In the present study, when an infant has to undergone blood sample for bacteria culture to verify a possible sepsis, a residual blood (200µl) is processed in the same time using a kit based on molecular biology. This kit is designed to obtain the highest sensitivity and specificity in the determination of most invasive bacterial diseases (meningitis, sepsis, pneumonia, etc.) affecting full-term, preterm infants to determine any presence of bacterial DNA belonging to all serotypes of Klebsiella pneumoniae, Escherichia coli, Streptococcus agalactiae and Listeria monocytogenes The target bacteria have been chosen on the basis of the current Italian epidemiological context, so as to include germs causing about 90% of the meningitis/sepsis cases among the neonatal population. The detection system can unmistakably identify the germ against which it is directed and without causing any cross-reaction with other germs or human DNA.

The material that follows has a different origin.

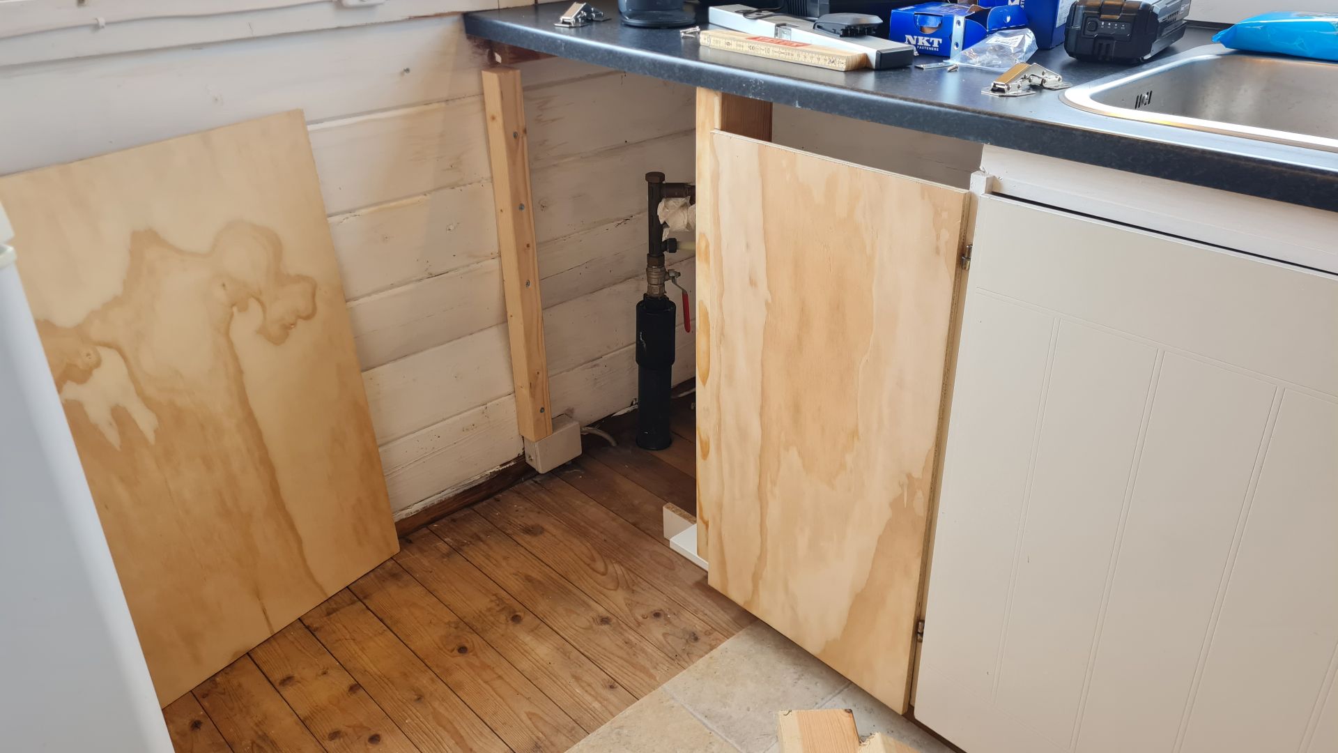Med hjælp af nogle rester af krydsfinerpladerne og lidt reglar fik vi lavet et par ekstra køkkenlåger.

The results obtained with this method have demonstrated a 100% specificity (no false positive result). The sensitivity of this method compared with the cultural method has turned out to be twice as high.

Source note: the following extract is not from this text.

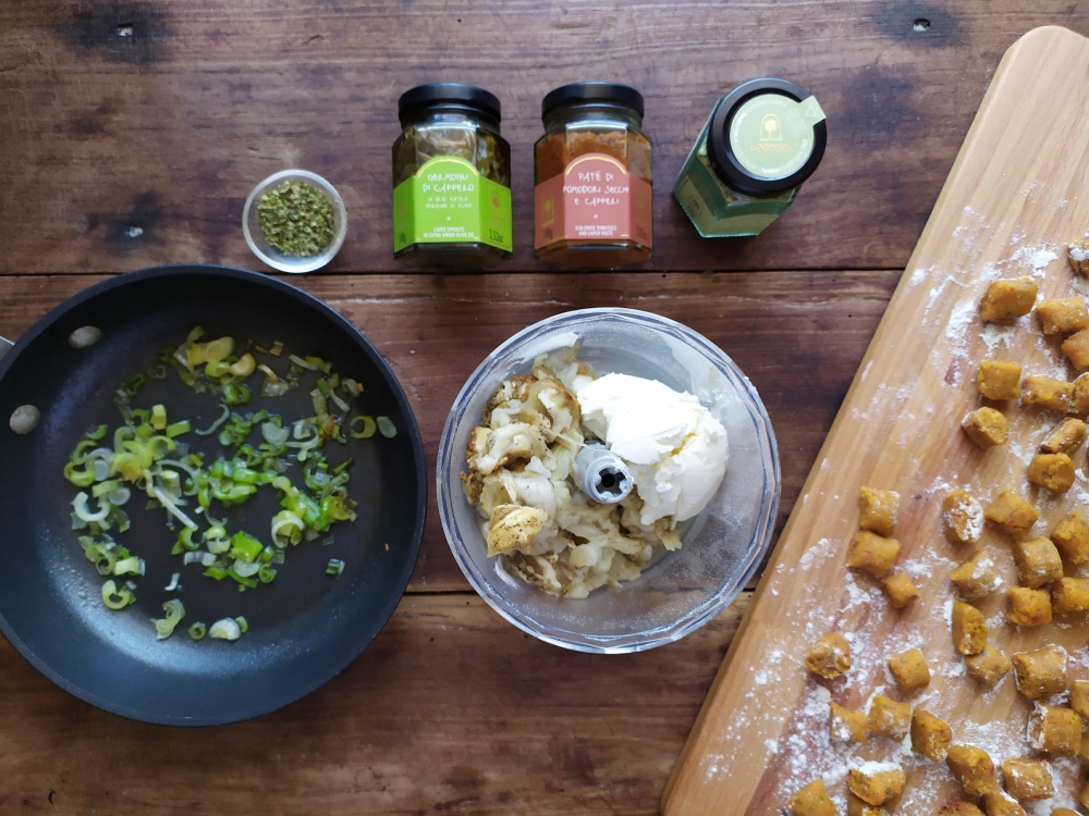 Nel frattempo preparare i gnocchetti, riunire in una ciotola la farina con il pane grattugiato, il paté di pomodori secchi e capperi, le uova, l’olio, una presa di origano ed amalgamare bene il tutto con un cucchiaio o meglio ancora con le mani, infine versare tanta acqua quanta serve per ottenere un impasto ben amalgamato, umido, ma non appiccicaticcio.

The aim of the present study is to compare the efficacy of the blood culture method and the kit for molecular detection of bacterial DNA (all serotypes of Klebsiella pneumoniae, Escherichia coli, Streptococcus agalactiae and Listeria monocytogenes) considering the relevant epidemiology of our NICU, in order to verify the relative frequency of neonatal sepsis (EOS and LOS) caused by the target bacteria on the whole frequency of the bacteria responsible of all the sepsis in our ward.

The observational estimated period to collect 100 measurable samples, is 18 months from the beginning of the enrolment.

Samples correspond to the enrollment of term o preterm neonates who needed a blood withdrawal for a suspect of sepsis, that are processed by both mothods.